Franssen WMA; Beyens M; Hatawe TA; Frederix I; Verboven K; Dendale P; Eijnde BO; Massa G; Hansen D;
International Journal Of Obesity (2005) [Int J Obes (Lond)] 2018 Dec 19. Date of Electronic Publication: 2018 Dec 19.
Objective: To gain greater insights in the etiology and clinical consequences of altered cardiac function in obese adolescents. Therefore, we aimed to examine cardiac structure and function in obese adolescents, and to examine associations between altered cardiac function/structure and cardiometabolic disease risk factors or cardiopulmonary exercise capacity.
Methods: In 29 obese (BMI 31.6 ± 4.2 kg/m², age 13.4 ± 1.1 years) and 29 lean (BMI 19.5 ± 2.4 kg/m², age 14.0 ± 1.5 years) adolescents, fasted blood samples were collected to study hematology, biochemistry, liver function, glycemic control, lipid profile, and hormones, followed by a transthoracic echocardiography to assess cardiac structure/function, and a cardiopulmonary exercise test (CPET) to assess cardiopulmonary exercise parameters. Regression analyses were applied to examine relations between altered echocardiographic parameters and blood parameters or CPET parameters in the entire group.
Results: In obese adolescents, left ventricular septum thickness, left atrial diameter, mitral A-wave velocity, E/e’ ratio were significantly elevated (p < 0.05), as opposed to lean controls, while mitral e’-wave velocity was significantly lowered (p < 0.01). Elevated homeostatic model assessment of insulin resistance and blood insulin, c-reactive protein, and uric acid concentrations (all significantly elevated in obese adolescents) were independent risk factors for an altered cardiac diastolic function (p < 0.01). An altered cardiac diastolic function was not related to exercise tolerance but to a delayed heart rate recovery (HRR; p < 0.01).
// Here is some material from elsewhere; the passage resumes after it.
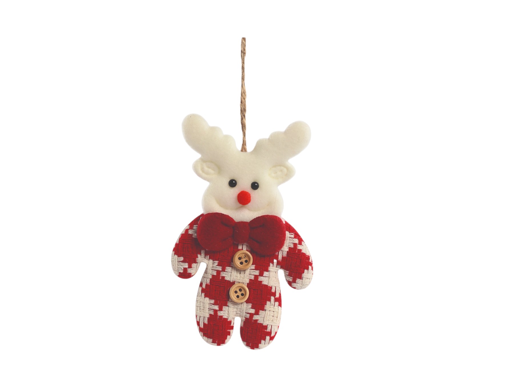 Este enfeite de Natal, medindo 8 x 14 cm, destaca uma charmosa rena. Ela tem um nariz vermelho brilhante, olhos pretos expressivos e está decorada com uma gravata borboleta dourada. A rena está fixada a um corpo em formato de estrela, que possui um padrão de diamantes pretos e dourados. Na base da estrela, há um pequeno sino dourado, acrescentando um toque de festividade ao ornamento. É perfeito para enfeitar sua árvore ou qualquer espaço natalino com um toque especial.

Conclusions: In obese adolescents, an altered cardiac diastolic function was independently related to hyperinsulinemia and whole-body insulin resistance, and only revealed by a delayed HRR during CPET. This indicates that both hyperinsulinemia, whole-body insulin resistance, and delayed HRR could be regarded as clinically relevant outcome parameters.